Mish is defined as x * tanh(softplus(x))
or by this equation $x*\tanh (\ln (1+e^x))$.
class Mish(nn.Module):
r"""
Mish activation function is proposed in "Mish: A Self
Regularized Non-Monotonic Neural Activation Function"
paper, https://arxiv.org/abs/1908.08681.
"""
def __init__(self):
super().__init__()
def forward(self, x):
return x * torch.tanh(F.softplus(x))
x = np.linspace(-7, 7, 700)
y = x * np.tanh(np.log(1 + np.exp(x)))
fig = plt.figure()
ax = fig.add_subplot(1, 1, 1)
ax.spines['left'].set_position('center')
ax.spines['bottom'].set_position('zero')
ax.spines['right'].set_color('none')
ax.spines['top'].set_color('none')
ax.xaxis.set_ticks_position('bottom')
ax.yaxis.set_ticks_position('left')
plt.plot(x, y, 'b')
plt.savefig(fname='/home/kushaj/Desktop/Temp/SOTA/images/mish_plot.png', dpi=1200)
Properties of mish
- Unbounded Above:- Being unbounded above is a desired property of an activation function as it avoids saturation which causes training to slow down to near-zero gradients.
- Bounded Below:- Being bounded below is desired because it results in strong regularization effects.
- Non-monotonic:- This is the important factor in mish.

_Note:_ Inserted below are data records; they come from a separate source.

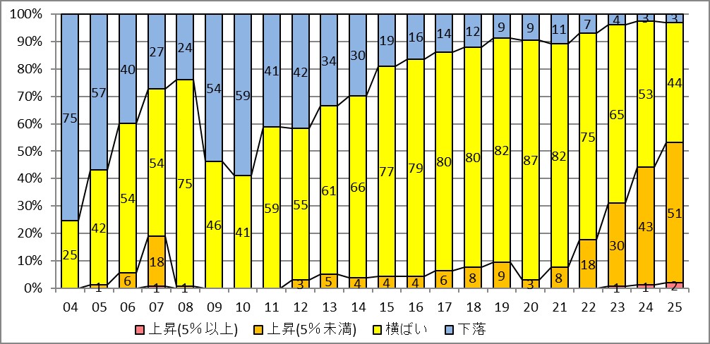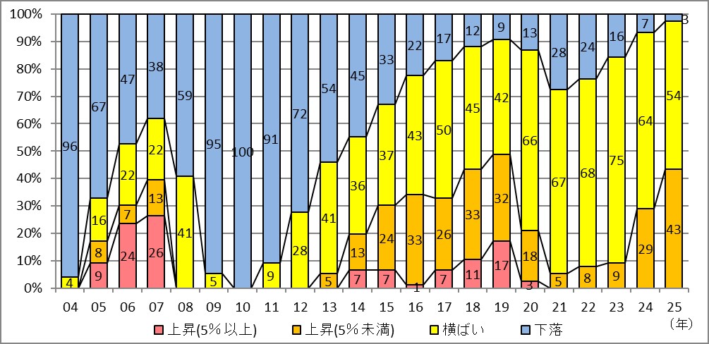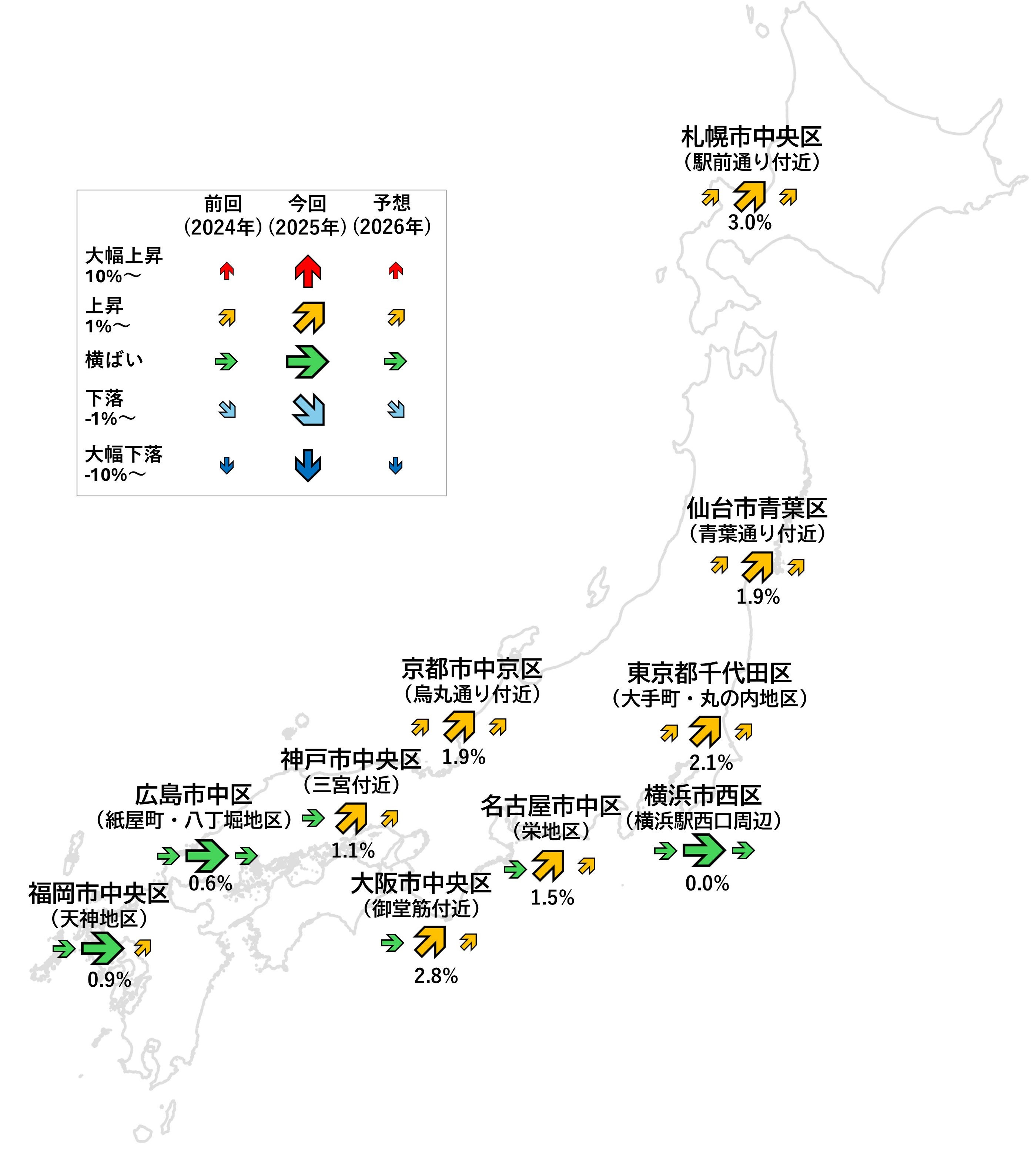 ・全国の主要地点では、大阪市と名古屋市が過去の大量供給から今年は市況が回復し、大阪市は横ばいから2.8%上昇、名古屋市も横ばいから1.5%上昇に転換し、それ以外都市は概ね前回並みの変動率で推移した。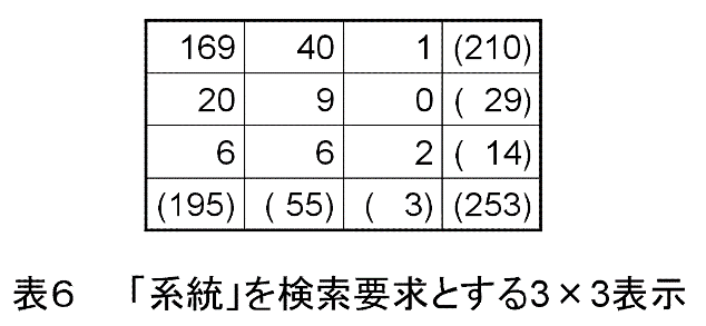 分割数の増加による細粒化について具体的に見ていく.表5で示した2×2表示を3×3 表示に細粒化した結果を表6に示す.表6の小計欄を見ると,1行の 210 と3行の 14 の和が 224 であり,これは表5の1行の小計欄の値と一致するので,表5の1行が表6 の1行と3行に分割されたと判断できる.同様にして表5の1列が表6の1列と2列に分 割されたことが分かる.しかし,このような判断は一般に容易ではなく,特に分割数が多 い場合には困難である.さて,表5の1行1列セルの 221 件が表6で細分されてできた 1行1列,1行2列,3行1列,3行2列の4セルについて分析する.3行1列セルの 6件はすべて生物多様性に関する論文であったが,3行2列セルの 6 件のうち 3 件が生 物多様性に関する論文で,残り 3 件が機能発現に関する論文であった.1行2列の 40 件について詳細に見ると,生物機能に関する論文が 23 件,生物多様性に関するものが 12 件,その他が 5 件であった.さらに細分化していくことはもちろん可能であるが,そ れは必ずしも適当ではない.特に,件数の多いクラスタが頑強な場合は,分割数を増やし てもごく少数あるいは空のセルがいたずらに増えるばかりである.一つの目安としては, セルの半分近くが空セルになった時点で分割数の増加以外の方法を考えるべきである.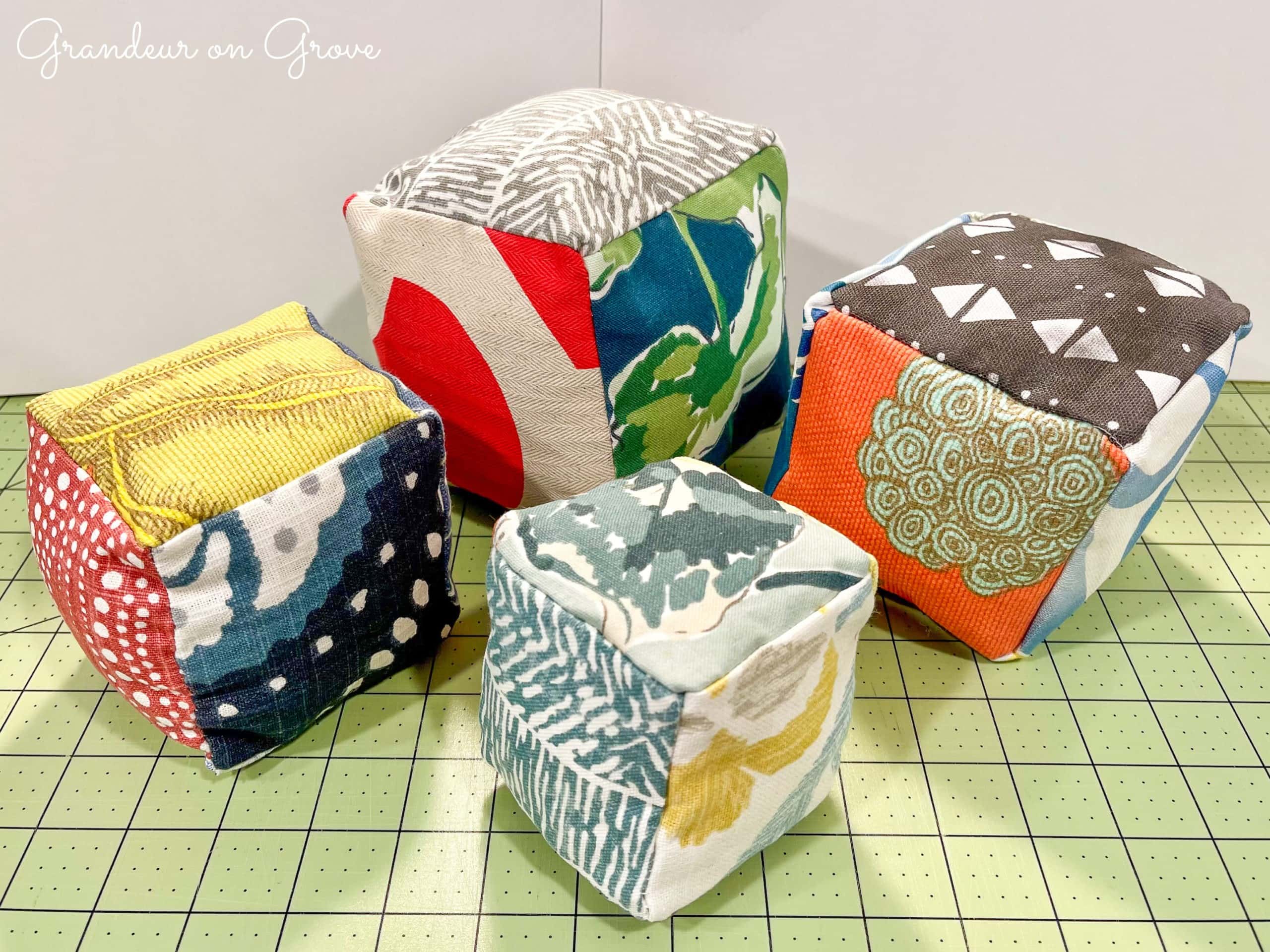 I’m going to be a first-time aunt and godmother and I am very excited! Baby boy is expected in late spring/early summer, so I spent some time this spring sewing a puff quilt for tummy time, some flannel burp cloths, and some baby blocks.

We preserve small negative gradients and this allows the network to learn better and it also improves the gradient flow in the negative region as, unlike ReLU where all negative gradients become zero.
- Continuity:- Mish’s first derivative is continuous over the entire domain which helps in effective optimization and generalization. Unlike ReLU which is discontinuous at zero.
To compute the first derivative expand the tanh(softplus(x))
term and you will get the following term and then do product rule of the derivative.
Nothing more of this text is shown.